## Brief
Could you output the whole listing exactly as it stands, minus any images?

[Opening Data section section]

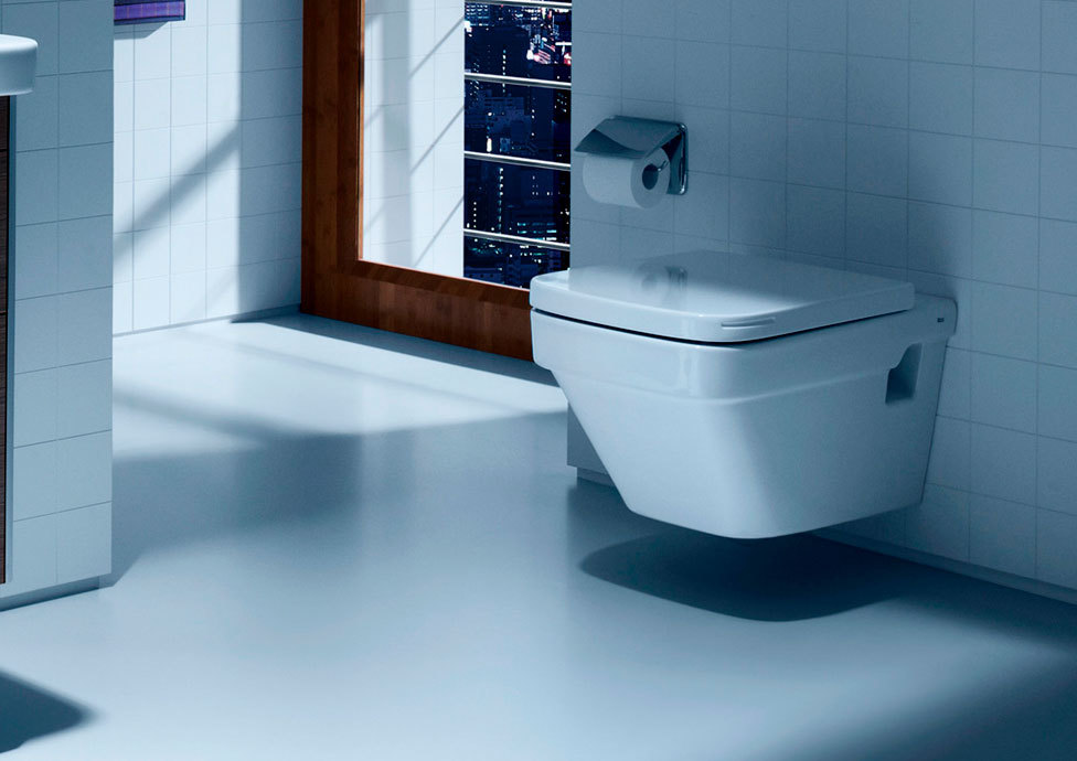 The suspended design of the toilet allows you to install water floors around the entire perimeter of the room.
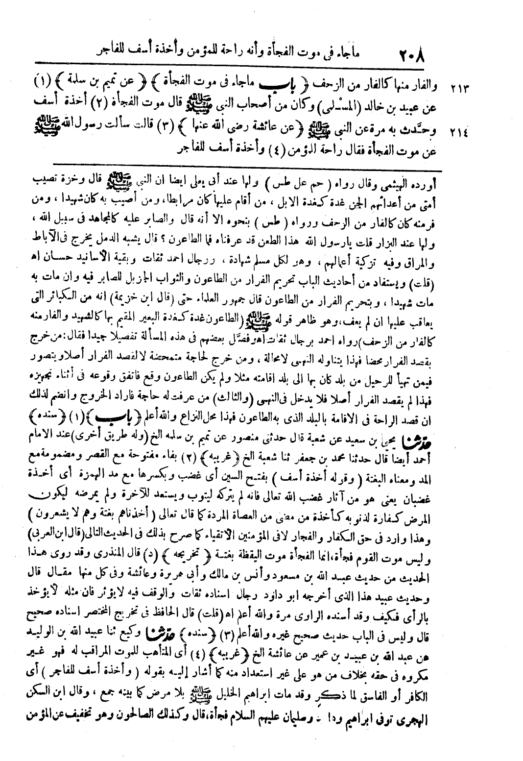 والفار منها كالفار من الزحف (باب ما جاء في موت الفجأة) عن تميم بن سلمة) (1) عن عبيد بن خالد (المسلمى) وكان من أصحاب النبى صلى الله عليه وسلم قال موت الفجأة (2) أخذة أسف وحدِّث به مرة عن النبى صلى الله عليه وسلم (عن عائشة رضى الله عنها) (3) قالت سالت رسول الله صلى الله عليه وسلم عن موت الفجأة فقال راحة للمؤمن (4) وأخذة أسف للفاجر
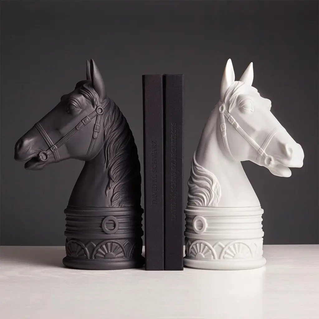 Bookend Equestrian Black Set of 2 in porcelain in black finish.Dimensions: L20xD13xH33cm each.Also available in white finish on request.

[Closing Data section section]

## Worked solution
 The suspended design of the toilet allows you to install water floors around the entire perimeter of the room.
 والفار منها كالفار من الزحف (باب ما جاء في موت الفجأة) عن تميم بن سلمة) (1) عن عبيد بن خالد (المسلمى) وكان من أصحاب النبى صلى الله عليه وسلم قال موت الفجأة (2) أخذة أسف وحدِّث به مرة عن النبى صلى الله عليه وسلم (عن عائشة رضى الله عنها) (3) قالت سالت رسول الله صلى الله عليه وسلم عن موت الفجأة فقال راحة للمؤمن (4) وأخذة أسف للفاجر
 Bookend Equestrian Black Set of 2 in porcelain in black finish.Dimensions: L20xD13xH33cm each.Also available in white finish on request.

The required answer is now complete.